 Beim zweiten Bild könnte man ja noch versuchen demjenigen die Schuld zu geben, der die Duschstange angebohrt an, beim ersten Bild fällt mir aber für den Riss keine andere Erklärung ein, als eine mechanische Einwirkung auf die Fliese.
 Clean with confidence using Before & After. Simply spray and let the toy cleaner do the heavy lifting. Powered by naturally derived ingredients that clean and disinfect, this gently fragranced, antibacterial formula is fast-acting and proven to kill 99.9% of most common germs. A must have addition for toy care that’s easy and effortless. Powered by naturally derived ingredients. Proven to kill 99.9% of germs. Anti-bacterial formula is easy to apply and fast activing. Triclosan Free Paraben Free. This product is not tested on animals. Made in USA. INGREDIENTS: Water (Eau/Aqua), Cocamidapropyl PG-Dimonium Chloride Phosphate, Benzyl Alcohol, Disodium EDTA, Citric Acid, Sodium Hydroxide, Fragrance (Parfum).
━━━
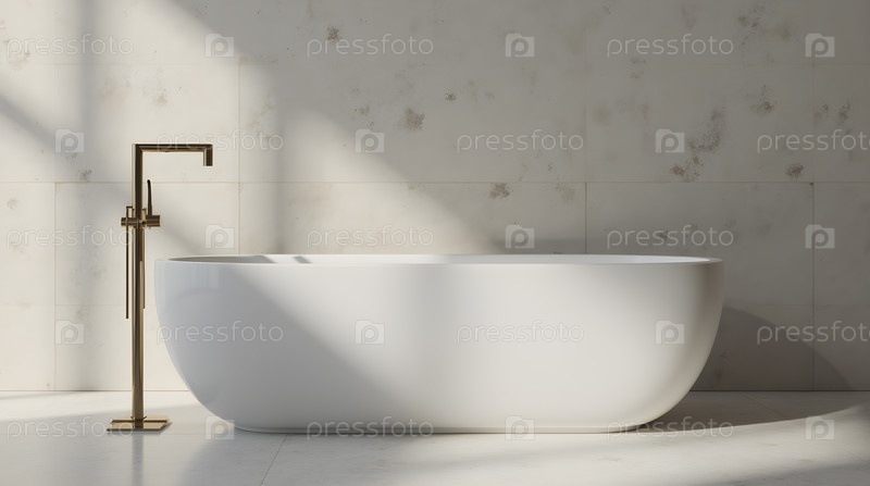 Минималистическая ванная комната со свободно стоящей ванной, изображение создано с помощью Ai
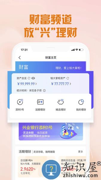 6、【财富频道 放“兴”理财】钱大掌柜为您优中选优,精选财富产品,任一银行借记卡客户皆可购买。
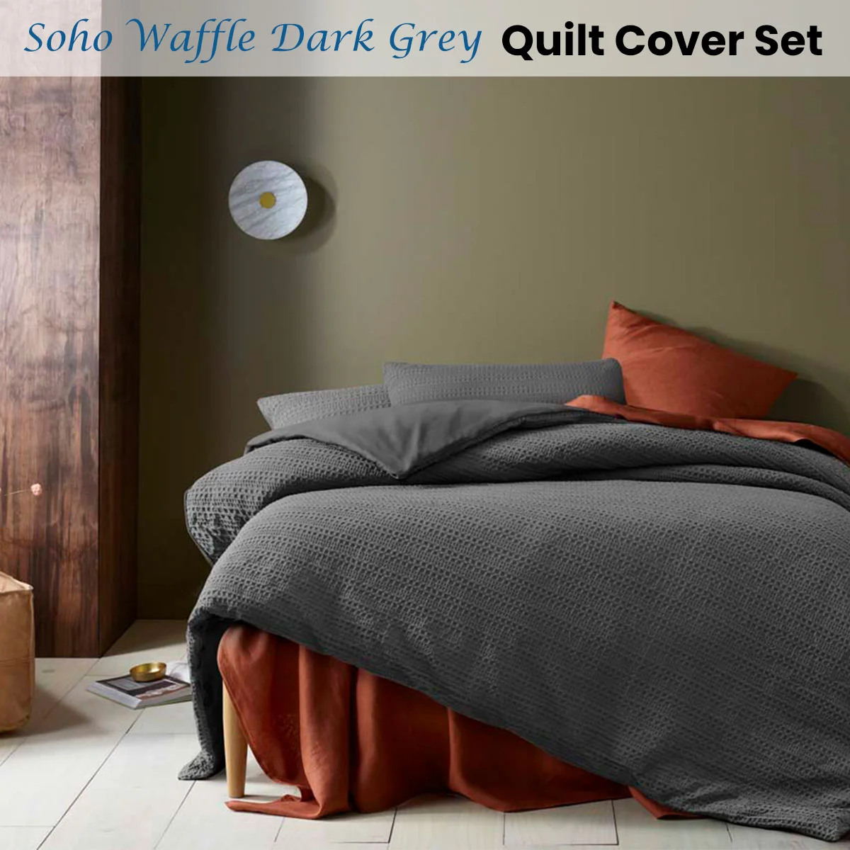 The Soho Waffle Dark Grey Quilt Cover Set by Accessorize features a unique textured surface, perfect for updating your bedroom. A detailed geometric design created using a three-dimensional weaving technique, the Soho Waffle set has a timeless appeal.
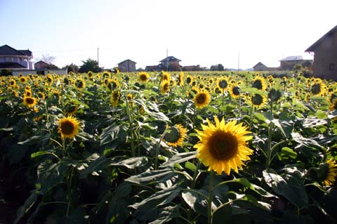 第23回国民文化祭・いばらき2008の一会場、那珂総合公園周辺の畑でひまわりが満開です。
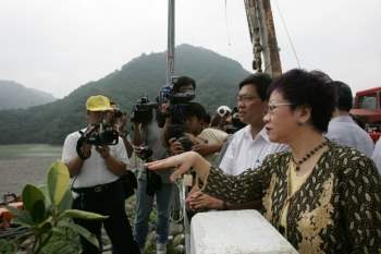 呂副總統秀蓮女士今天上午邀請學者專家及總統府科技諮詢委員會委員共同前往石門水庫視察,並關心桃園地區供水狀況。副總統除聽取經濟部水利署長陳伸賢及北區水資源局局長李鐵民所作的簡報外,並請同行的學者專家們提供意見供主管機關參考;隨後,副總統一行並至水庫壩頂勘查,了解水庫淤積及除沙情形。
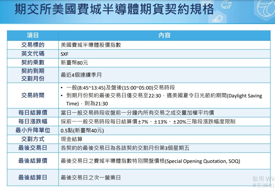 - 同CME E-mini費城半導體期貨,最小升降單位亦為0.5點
━━━
> **EXERCISE GOAL**
Your task for the entries above: copy exactly the span starting with the line with "Beim zweiten Bild" and going on through the line with "Clean with confidence", both lines included, and nothing else.

> **ANSWER AREA**
 Beim zweiten Bild könnte man ja noch versuchen demjenigen die Schuld zu geben, der die Duschstange angebohrt an, beim ersten Bild fällt mir aber für den Riss keine andere Erklärung ein, als eine mechanische Einwirkung auf die Fliese.
 Clean with confidence using Before & After. Simply spray and let the toy cleaner do the heavy lifting. Powered by naturally derived ingredients that clean and disinfect, this gently fragranced, antibacterial formula is fast-acting and proven to kill 99.9% of most common germs. A must have addition for toy care that’s easy and effortless. Powered by naturally derived ingredients. Proven to kill 99.9% of germs. Anti-bacterial formula is easy to apply and fast activing. Triclosan Free Paraben Free. This product is not tested on animals. Made in USA. INGREDIENTS: Water (Eau/Aqua), Cocamidapropyl PG-Dimonium Chloride Phosphate, Benzyl Alcohol, Disodium EDTA, Citric Acid, Sodium Hydroxide, Fragrance (Parfum).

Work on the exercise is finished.